Hug Corner - Thought for the Week - 3/27
From "Healing After Loss" Martha Whitmore Hickman
He’d begin to wake up in the morning with something besides dread in his heart. Not happiness exactly, not eagerness for a new day, but a kind of urge to be eager, a longing to be happy.
It comes upon us so gradually that we scarcely recognize the change---this moving out of the valley of despair, where the future looks perpetually grim, into a more pleasant land. Then one day we may think to ourselves, Wait a minute. This feels different! For now, instead of a sorrowful landscape marked by only occasional moments of happiness, we realize we inhabit a land where we are happy and content more of the time than not. The periods of desolation are now the exception, not the rule.
Without knowing it, we have slipped into a new country. This will take some getting used to. Of course we’ll have relapses, which really are not relapses at all but a way of continuing to deepen the grooves in the brain that tell us who we are, now that our loved one has gone. But the shift is a matter of astonishment and gratitude, and sometimes for a quiet waiting to see what other wisdom and self-knowledge may come to us.

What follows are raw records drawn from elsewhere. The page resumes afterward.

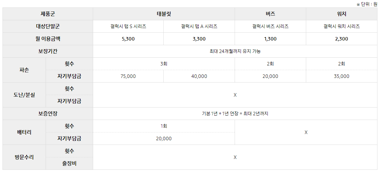 제조사에서 운영하는 시스템이기 때문에 통신3사든 자급제든 알뜰폰이든 등록이 가능하고 일시불이 아닌 월정액제 형태로, 그래서 중간에 있을 수 있습니다. 최대 보유 기간은 스마트폰의 경우 36개월, 기타 기기의 경우 24개월입니다.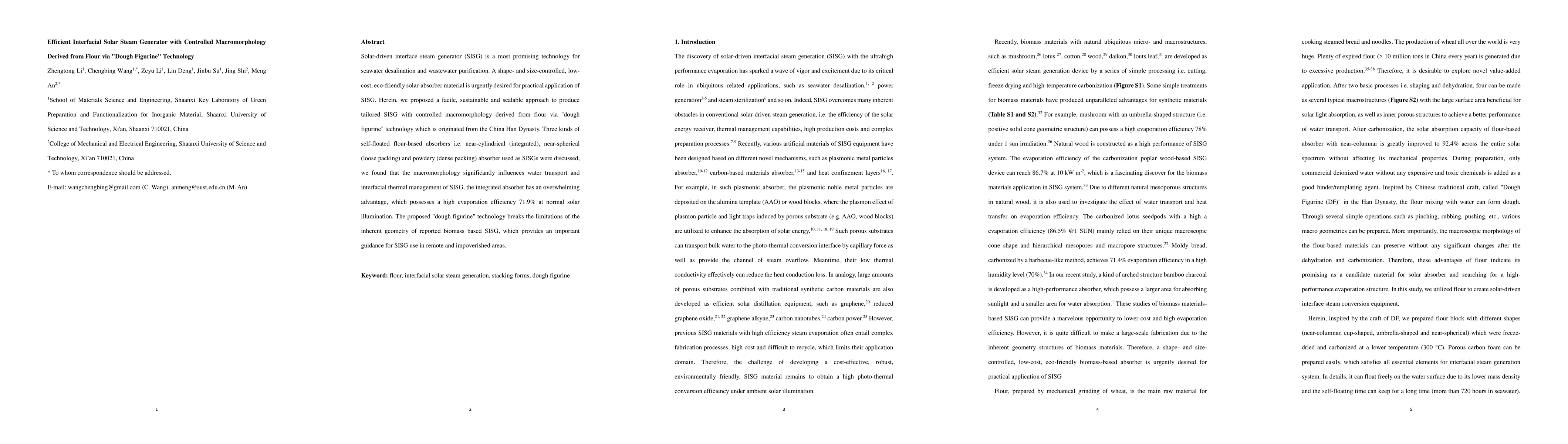 This paper proposes a sustainable, scalable method to create solar-driven interface steam generators (SISG) using flour-based absorbers with controlled macromorphology derived from "dough figurine" technology. The study finds that the integrated near-cylindrical absorber achieves a high evaporation efficiency of 71.9%, demonstrating significant influence of macromorphology on water transport and thermal management.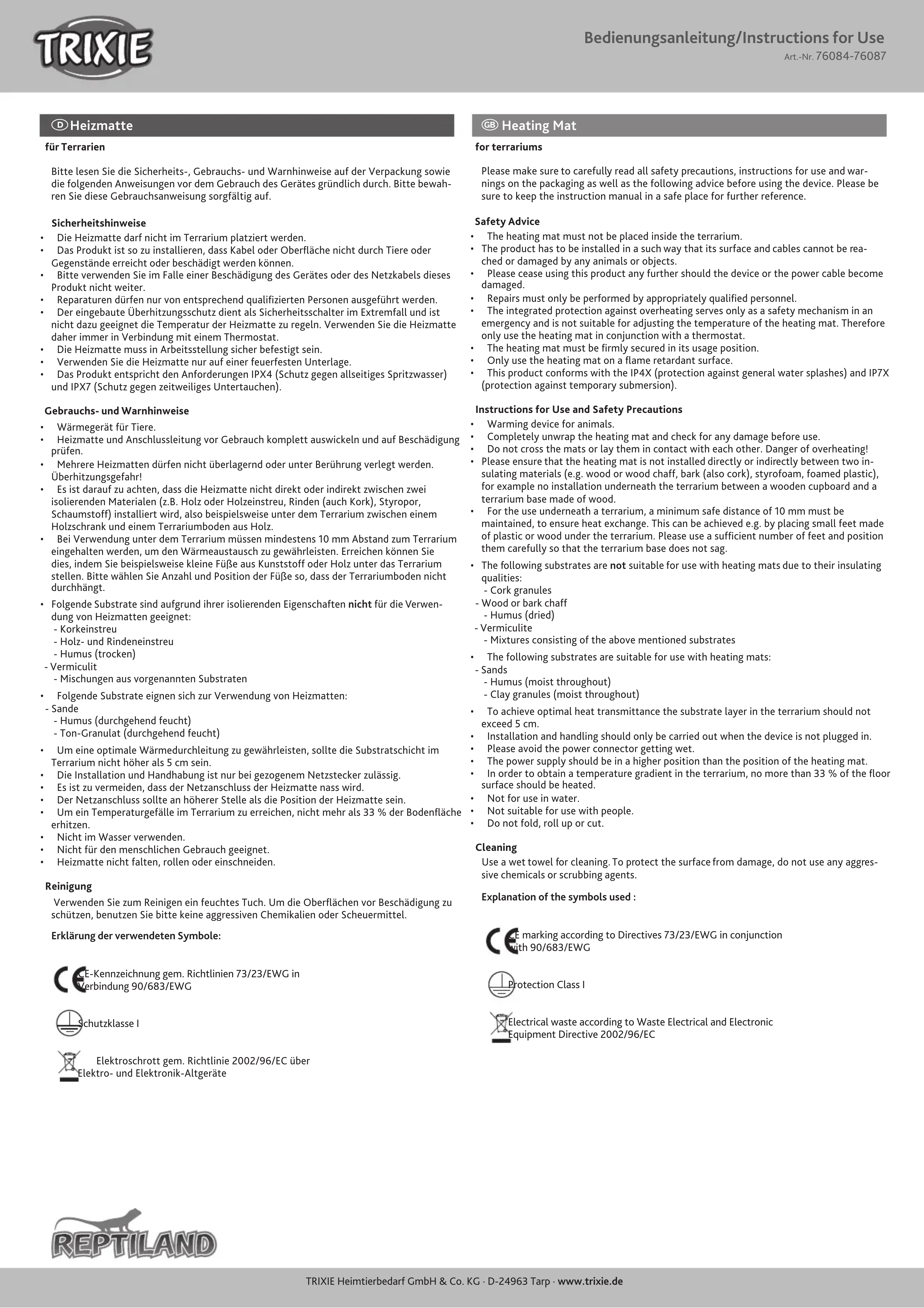 MODE D'EMPLOI 76087 Trixie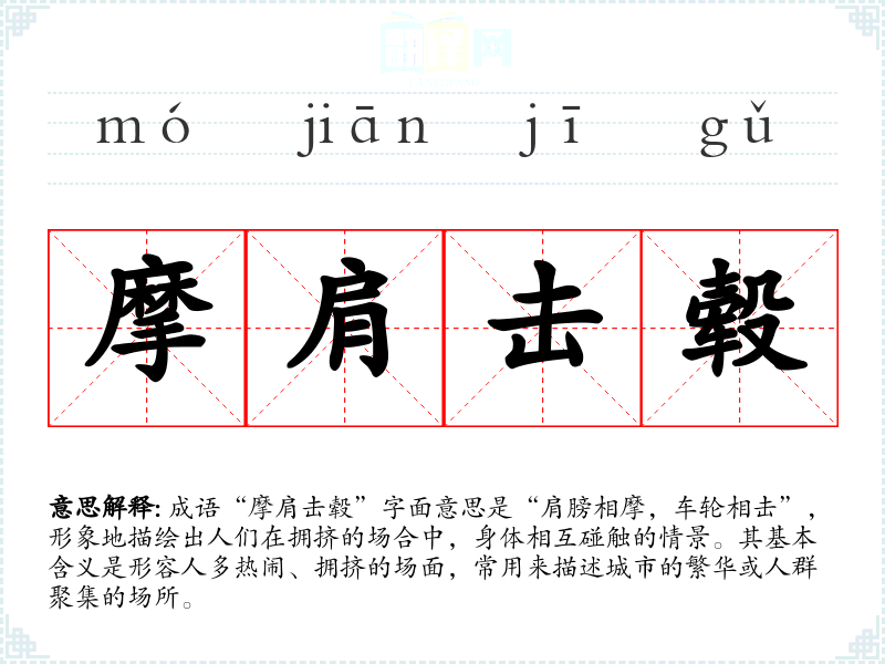 成语“摩肩击毂”字面意思是“肩膀相摩,车轮相击”,形象地描绘出人们在拥挤的场合中,身体相互碰触的情景。其基本含义是形容人多热闹、拥挤的场面,常用来描述城市的繁华或人群聚集的场所。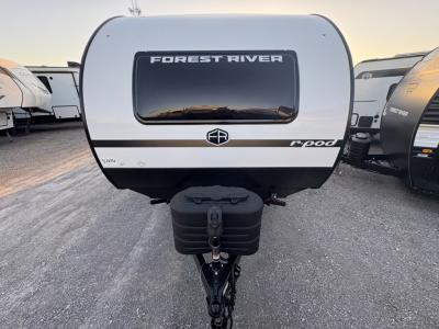 With any R-Pod travel trailer by Forest River, you will enjoy affordable luxury at the lowest tow weight in its class! There is a sealed underbelly with forced heat, a curved dual-pane acrylic front window with a bug screen and night shade, plus a large roof mounted solar panel for off-grid capabilities. The 15K A/C unit will keep you comfortable during the summer camping months, and the tankless water heater will provide endless hot showers after hiking, biking, swimming and more! Each model also includes a black glass friction hinge entrance door, roof ladder prep, exterior motion lighting, plus a hot and cold exterior spray port to wash off sand from the beach. Inside, you'll enjoy seamless Surf-X kitchen countertops, blackout roller shades, and a central vacuum system for hassle-free cleaning!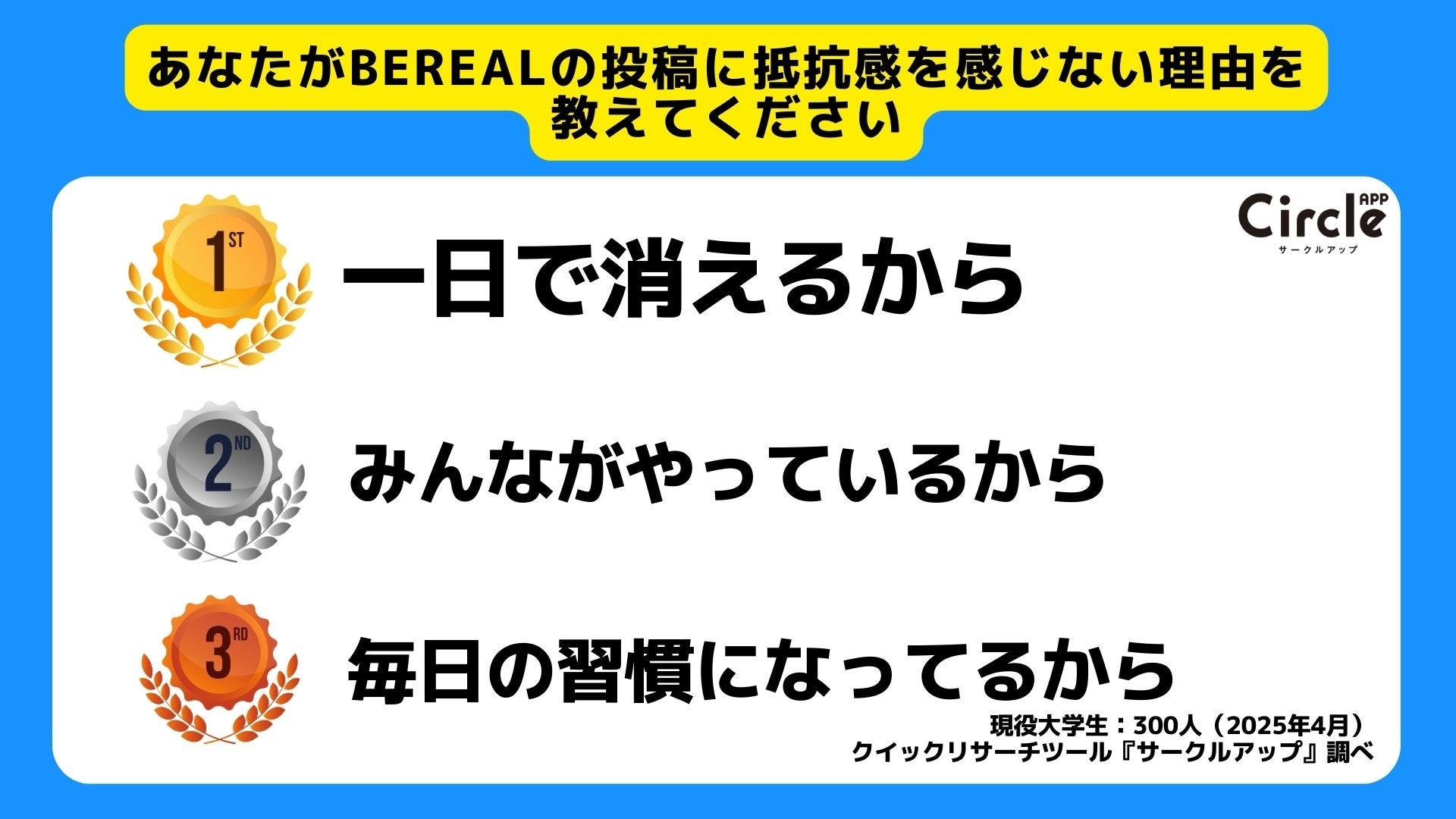 BeRealは内外カメラ両方の発信を強制され、投稿のタイミングも選びづらいなど、一見抵抗感を感じやすそうなサービス内容をしています。ではなぜここまで抵抗感を感じる学生の割合が低いのでしょうか。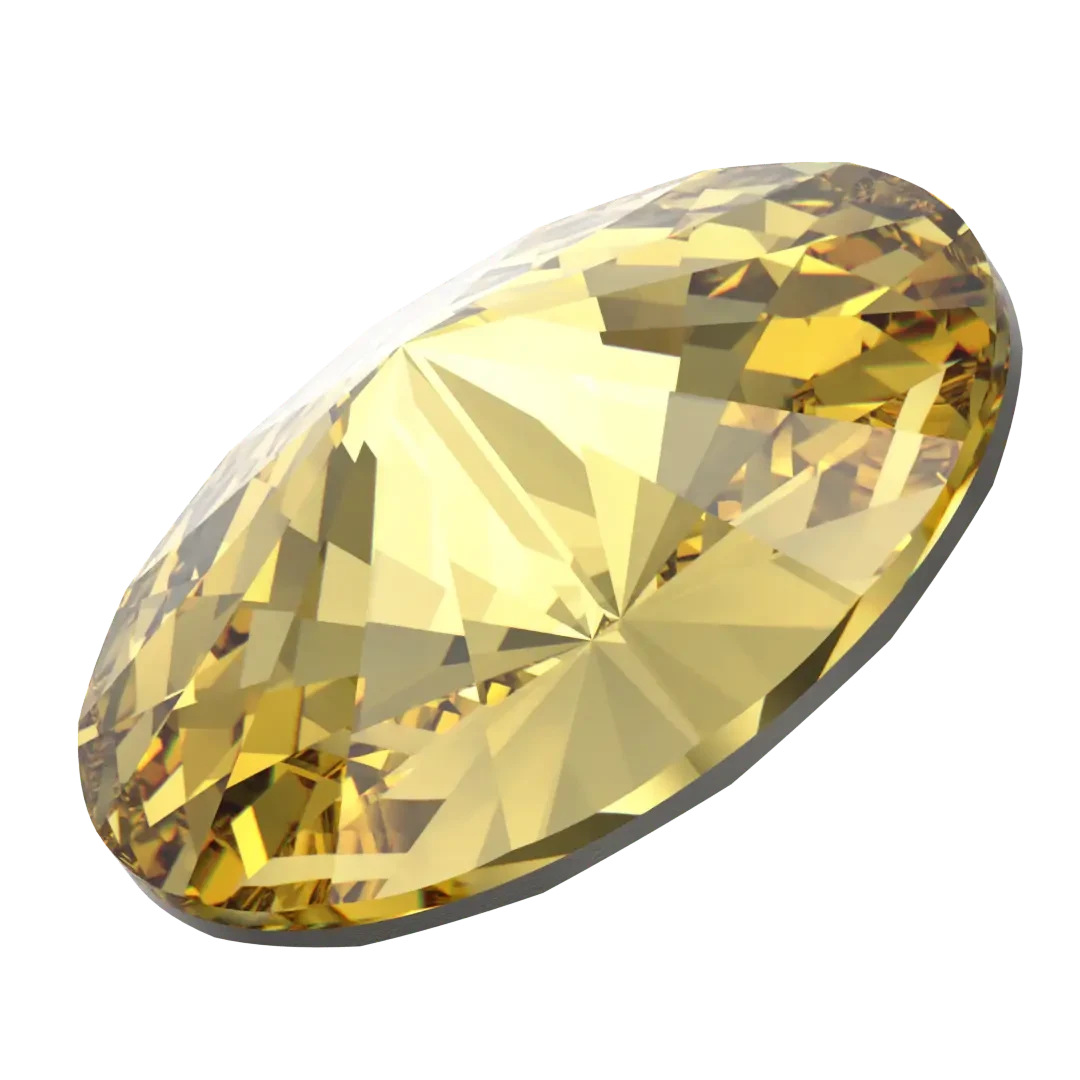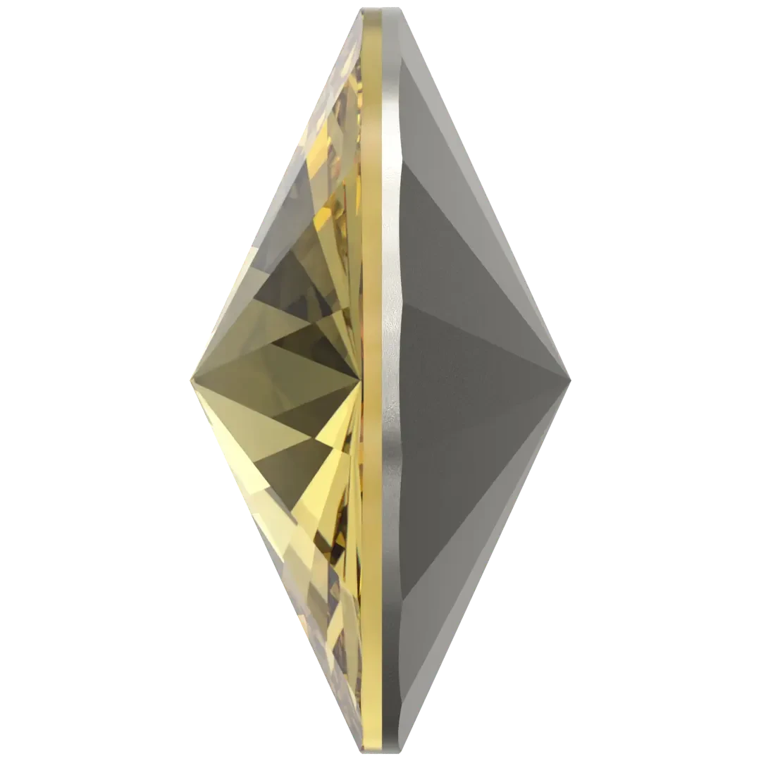 Serinity chatons Rivoli (1122) in Dark Jonquil are multi faceted pointed back crystals that are used with metal settings to create bespoke jewellery and embellishment designs. Serinity rivoli shaped crystals are uniformly cut glass stones with facets that converge to a point. The underside of the crystal is foiled to reflect light and intensify the colour of the stone, creating a brilliant shine.

I welcome, as a blessing from my loved one, the return of light and joy to my life.
"Something within me is waking from long sleep, and I want to live and move again. Some zest is returning to me, some immense gratefulness for those who love me, some strong wish to love them also. I am full of thanks for life. I have not told myself to be thankful. I just am so."
"There is a gravitational pull, an endless current which we do not recognize which draws us beyond all things and people, but at the same time more deeply and freely into them."
"In search of my mother's garden, I found my own."